As lofty an ideal as EV’s are – they are simply never going to replace liquid fuelled vehicles…for a host of reasons.
Who said they need to replace ICEVs to help? Even if they only represent a tiny fraction of the market they will help.
http://www.treehugger.com/cars/worldwide-electric-car-production-predicted-soar-67-2014.html
Why has no-one mentioned steam driven cars. They can run on almost any fuel(peanut oil, alcohol, wood, etc.), modern boilers a very low pollutant output, boil quickly, have better efficiency performance than other types of propulsion, are simpler (e.g. no gearbox), and easy to drive. I would certainly have one if available.
That would be good if you could look into those issues because I don’t have all the facts and I’d like to see them.
Regarding the night charging – if you could provide stats showing that at night ALL electricity comes from renewable sources then I’ll be convinced. But you might want to address the daytime charging issue too – charging while at work, while parked, and even charging while driving (Powerbyproxi) are all means to address the range anxiety issue but all will be using marginal non-renewable power.
I’ll have a couple of posts which relate to grid issues in the next month or two, but on the daytime thing: daytime demand isn’t a major issue, our peak demand is usually in the early morning and evening, when people wake up/ come home from work, and switch on heaters. Those are the times when non-renewables are most likely to be used. Plus, during the day, we get more energy from wind (and it’ll be the same if we ever get big solar penetration).
“charging while at work, while parked, and even charging while driving (Powerbyproxi) are all means to address the range anxiety issue but all will be using marginal non-renewable power”
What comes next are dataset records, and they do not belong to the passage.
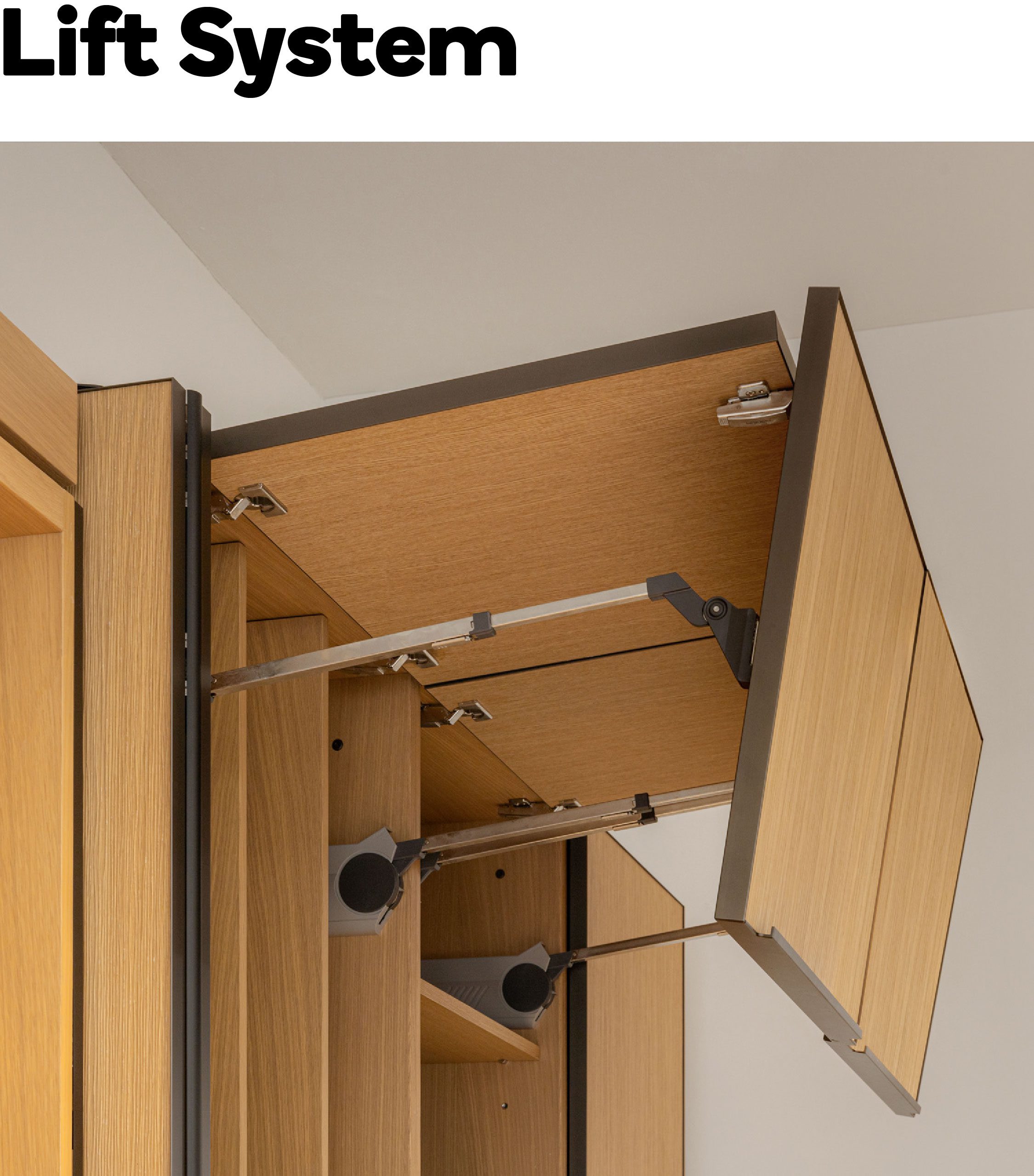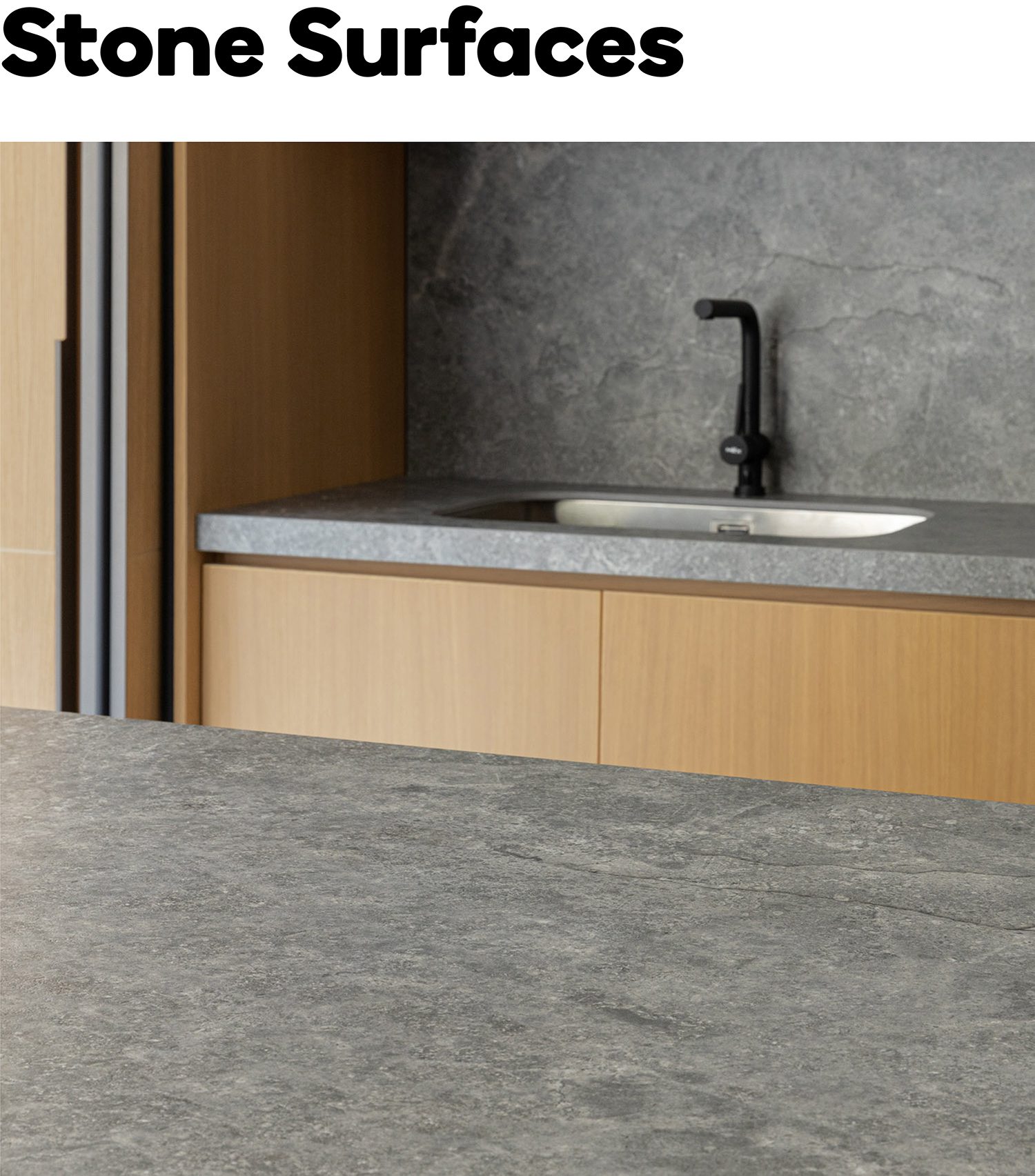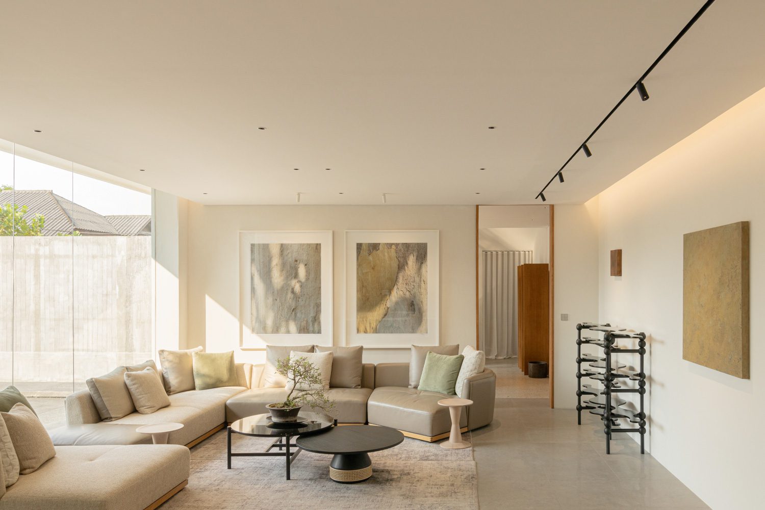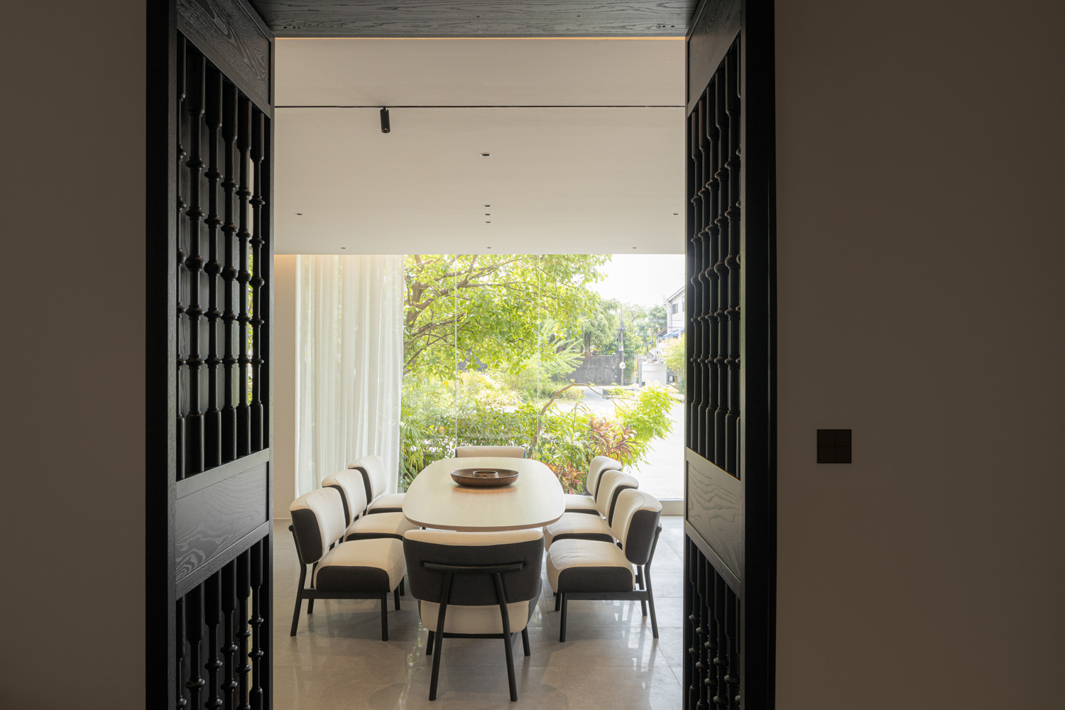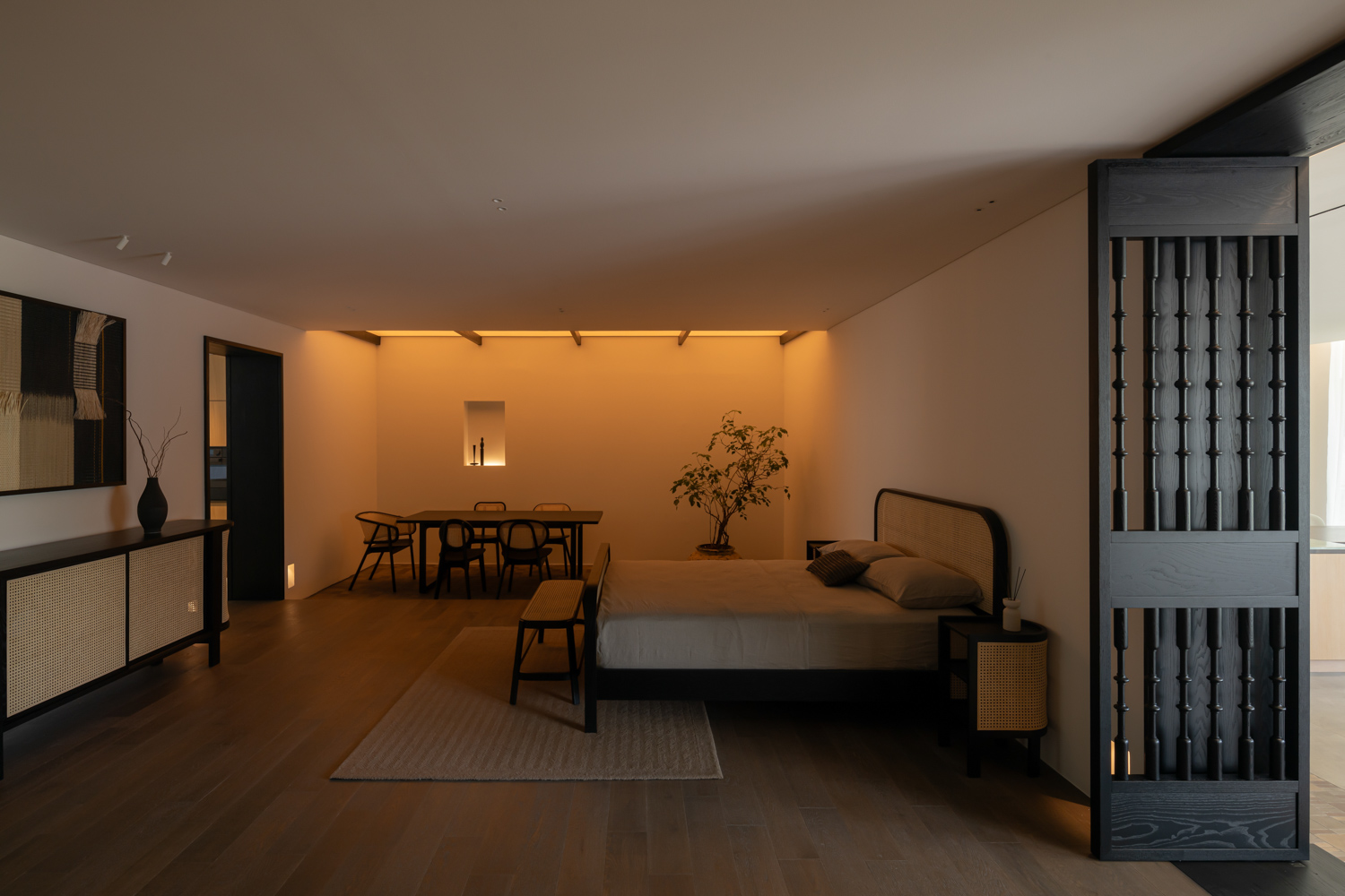 A striking contrast emerges upon entering the ENSO room, an open space on the western side defined by a 3.5-meter ceiling. Conceived to evoke the atmosphere of an afternoon gathering, the room embraces a more dramatic interplay of light and shadow. Its sense of refinement is supported by Blum’s Pocket Door system, which allows the kitchen frontage to disappear seamlessly from view in an instant. This is paired with stone surfaces from COTTO LiFE, developed to diffuse light softly rather than scatter it through glare, creating a balanced dialogue with the surrounding wooden furniture.
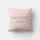 Minimal Prioritize You Quote pastel pink Throw Pillow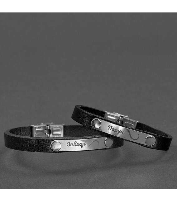 Описание Набор черных кожаных браслетов "Завжди поруч"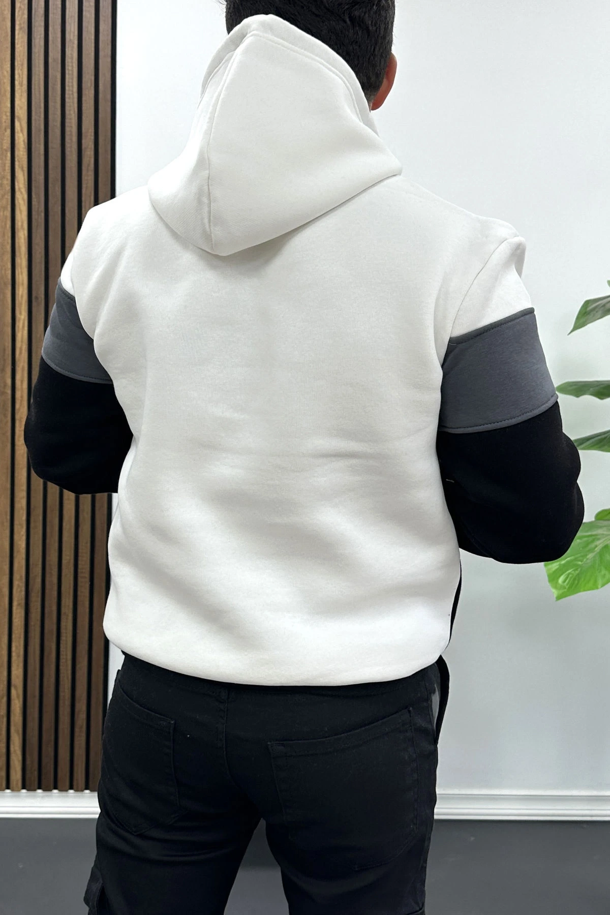 Erkek Slim Fit Renk Bloklu Kapüşonlu Sweatshirt Beyaz Edw438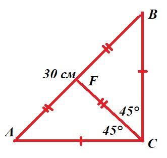 Следовательно, AF = CF = BF = AB/2 = 30/2 = 15 см.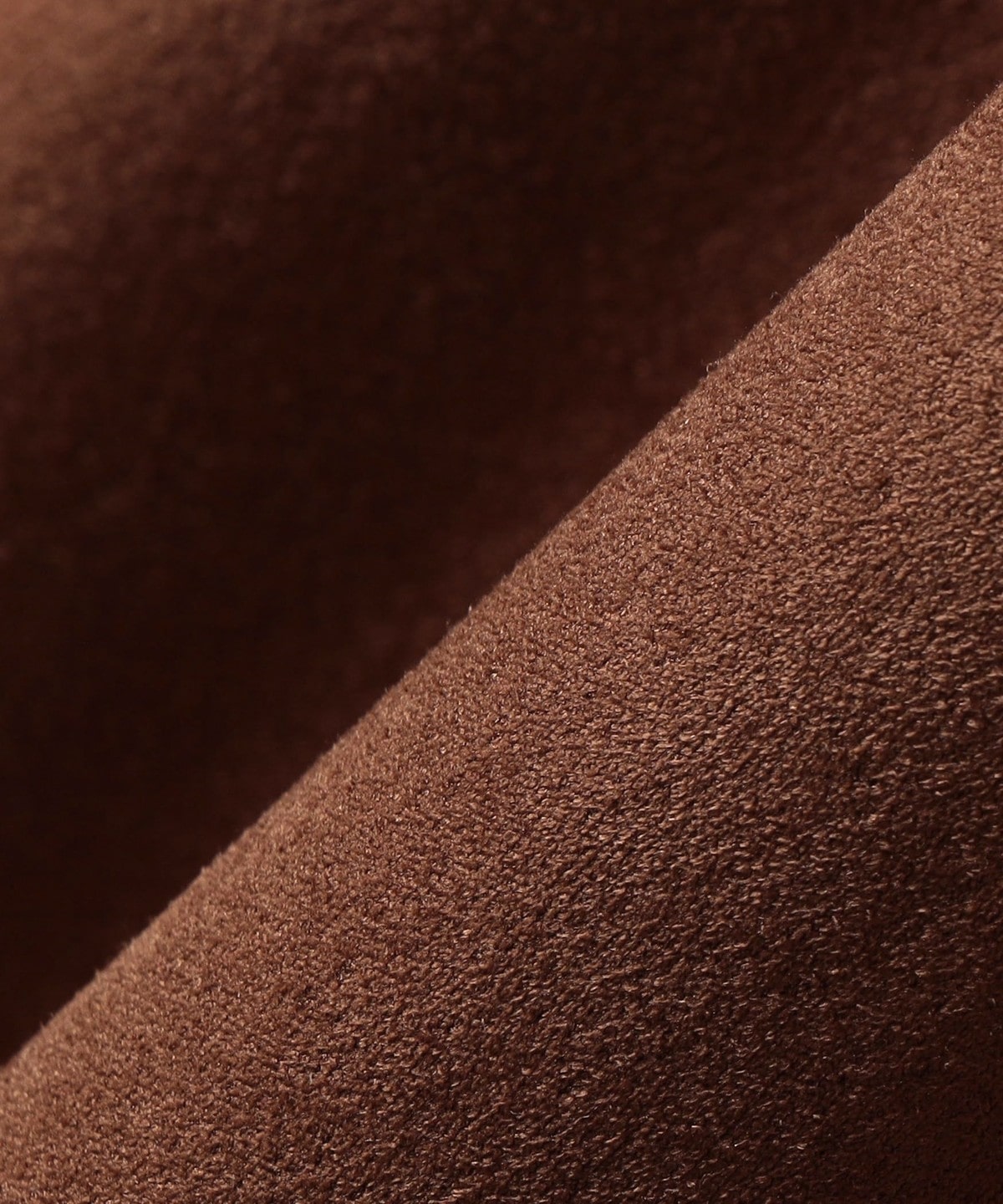やや光沢感のある生地感が上品な印象の、フェイクスエード(ポリエステル)素材を使用。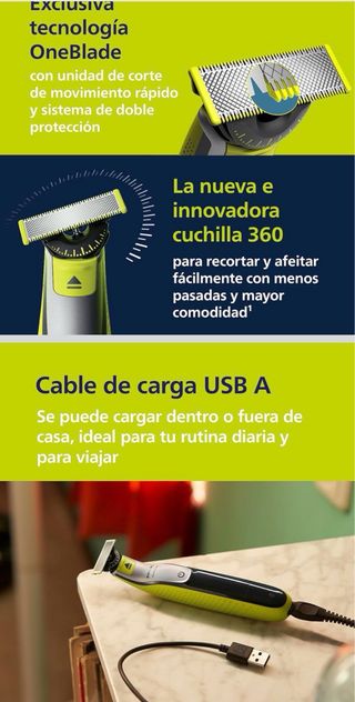 Máquina de afeitar y cortapelos Philips OneBlade. - Incluye 2 cuchillas. - Incluye 4 peines guía. - Incluye cable de carga USB. - Garantía de hasta 5 años.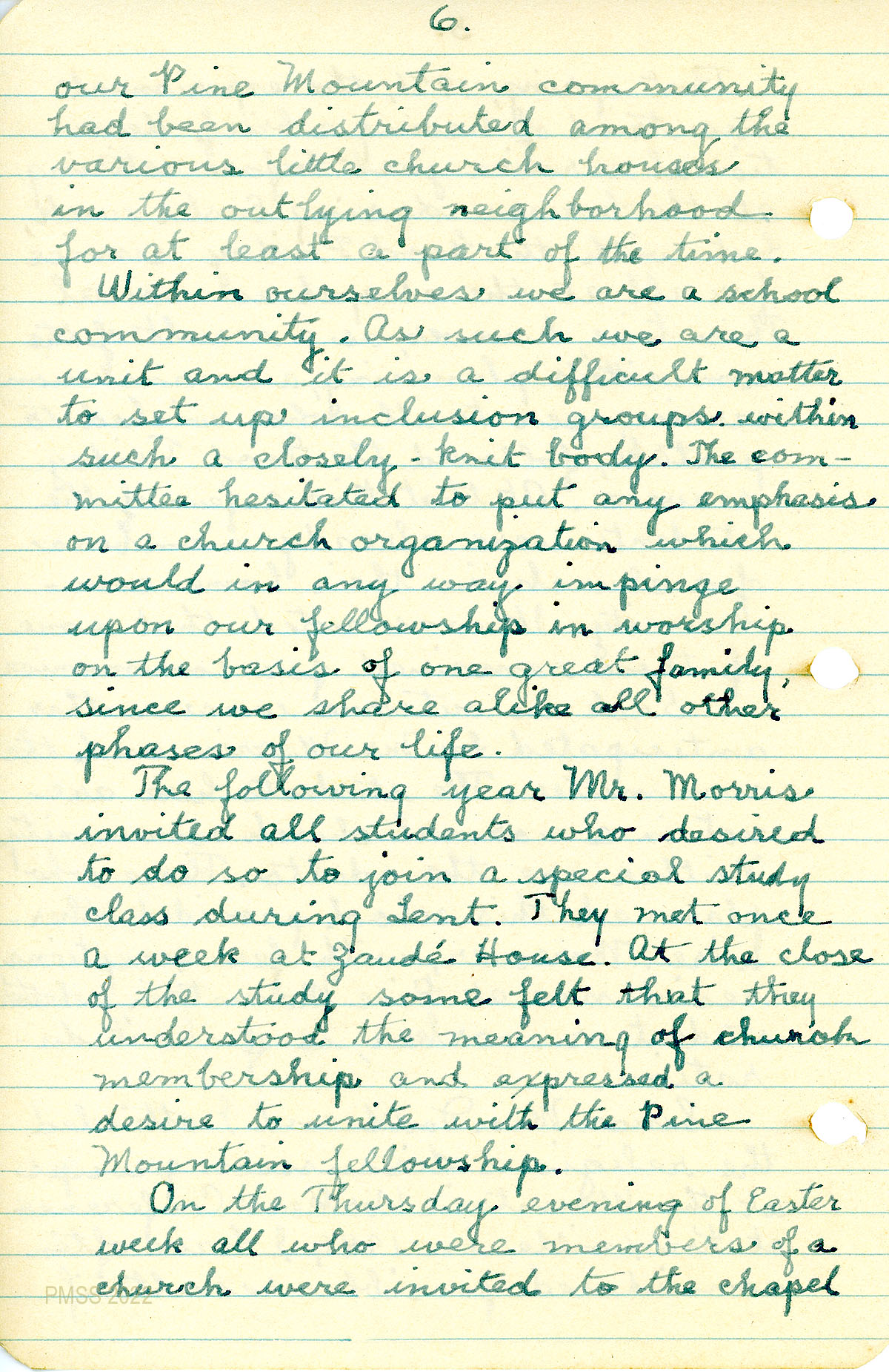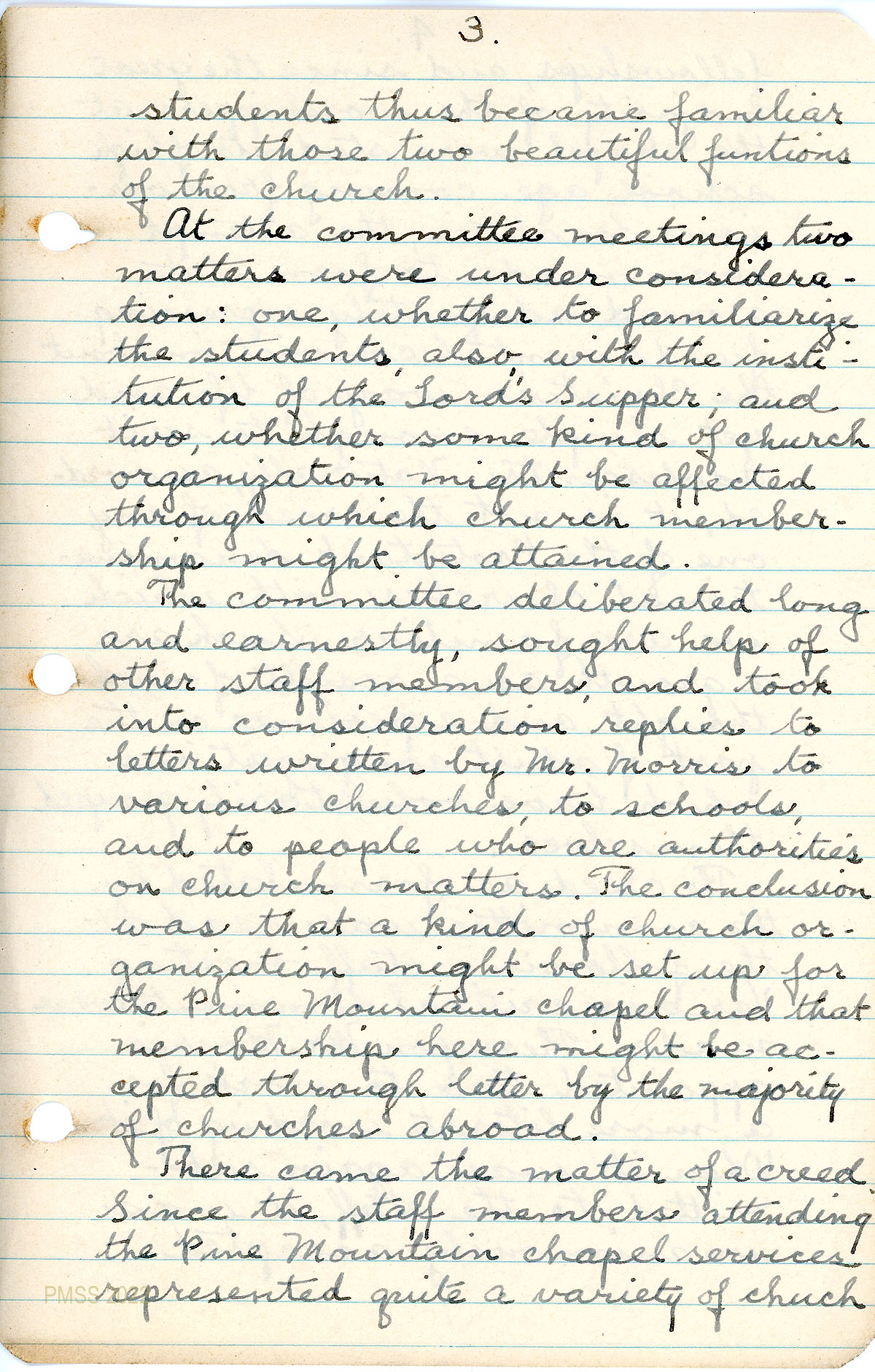 The Committee deliberated long and earnestly, sought help of other staff members, and took into consideration replies to letters written by Mr. Morris to various churches, to schools, and to people who are authorities on church matters. The conclusion was that a kind of church organization might be set up for the Pine Mountain Chapel and that membership here might be accepted through letter by the majority of churches abroad.

Whether the marginal generation is by renewable or non-renewable sources is not pre-ordained. Since there is an objective to get to 90% of our electrical generation from renewables and it is below that figure it follows that additional generation will primarily be from renewables. The generation profile of PV, for example, will have a good fit with daytime charging of BEVs and PV costs continue to fall.
Even if 90% of our power is from renewables the charging of electric vehicles can still come from the other 10% – it definitely will if they are charged during peak times.
Another issue for John to sort out is what determines the total annual output of electricity from a dam? If it is rainfall then it doesn’t matter what time you plug in your electric car. All the electricity for that car will come from somewhere else because the dam isn’t producing any extra electricity over what it was going to produce anyway. See it?
Will the government impose a tax on EV cars?
I can’t see why they would: they don’t for conventional cars. Currently, in fact, BEVs are exempt from paying Road User Charges.
But John get them in any number and the pressure to change from fuel tax to road user charges will be strong. Right now, because of the reduction in driving and NZTA’s politically forced road binge they are facing budget problems. If done well, proper road pricing, this could be good though still may affect take up of less oil dependant vehicles…?
You mean, universal RUCs, rather than the current system where petrol vehicles pay excise instead? Yup, that will probably happen at some point.